Essa forma de política das emoções não é uma novidade histórica. Já nos séculos XVII e XVIII, pensadores europeus acreditavam que o verdadeiro motor da conduta humana não era a razão, tida como impotente, mas as paixões derivadas da nossa natureza. Desde então, governantes dedicaram-se a gerir as emoções, estabelecendo regras sobre como e o que sentir e manifestar, regras que são inseparáveis de um ideal de humanidade e de ordem social. Como essas regras não são consagradas apenas como ideais abstratos, mas colocadas em práticas por uma série de discursos morais, técnicas e dispositivos de controle social, toda sociedade os incorpora em maior ou menor grau. O que não quer dizer que todas as regras emocionais sejam inteiramente consensuais, pois, na medida em que toda definição de norma social é uma atividade política, ela está sempre aberta à controvérsia.

O falecimento de Dona Marisa remeteu a algumas das regras emocionais mais básicas do Ocidente Cristão: o luto e a compaixão pelos que morrem e pelos que sofrem com a dor da perda. Como, no entanto, não se tratava da morte de uma pessoa anônima ou de alguém da esfera pessoal, mas de uma mulher cuja história de vida se cruza com a da personalidade política central das disputas recentes, essa regra emocional foi quase que imediatamente politizada, transformando o dever ou não de compaixão em calorosa polêmica.

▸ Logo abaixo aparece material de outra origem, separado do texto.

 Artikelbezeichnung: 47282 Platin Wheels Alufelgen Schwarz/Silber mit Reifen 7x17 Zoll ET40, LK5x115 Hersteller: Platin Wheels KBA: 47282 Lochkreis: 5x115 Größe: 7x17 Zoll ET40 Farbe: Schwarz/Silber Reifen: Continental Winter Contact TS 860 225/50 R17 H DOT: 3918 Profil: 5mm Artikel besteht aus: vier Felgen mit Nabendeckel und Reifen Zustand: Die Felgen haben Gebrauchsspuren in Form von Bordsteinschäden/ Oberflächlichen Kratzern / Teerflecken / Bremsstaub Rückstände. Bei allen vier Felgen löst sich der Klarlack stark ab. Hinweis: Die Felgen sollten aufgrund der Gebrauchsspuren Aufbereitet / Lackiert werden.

Se o abraço de Fernando Henrique Cardoso a Lula, retribuindo o apoio que havia recebido na ocasião do falecimento de Ruth Cardoso, sinalizou inicialmente que a regra emocional da compaixão deveria se colocar acima das diferenças políticas, essa disposição a suspender a contenda não durou nem algumas horas. De fato, o reconhecimento de uma dimensão de solidariedade humana trazia o risco para alguns dos adversários mais implacáveis de Lula da empatia com ele se alastrar pela população. Como as emoções são contagiosas, a população, ao se colocar no lugar de Lula, podia experimentar uma perspectiva afetiva capaz de se estender para a política. Não é nenhuma novidade que, para certas correntes políticas, é interessante alimentar a polarização como forma de obter adeptos e de levar sua plataforma ideológica adiante. Muitas pessoas acabam por apoiar grupos ou partidos não pelas suas propostas ou pela confiança em suas intenções, mas porque eles são adversários de outros grupos que essas pessoas rejeitam. Precisamente por isso, é estratégico para esses grupos suspender empatias, acirrar ódios e estereotipar pejorativamente adversários, no limite desumanizando-os.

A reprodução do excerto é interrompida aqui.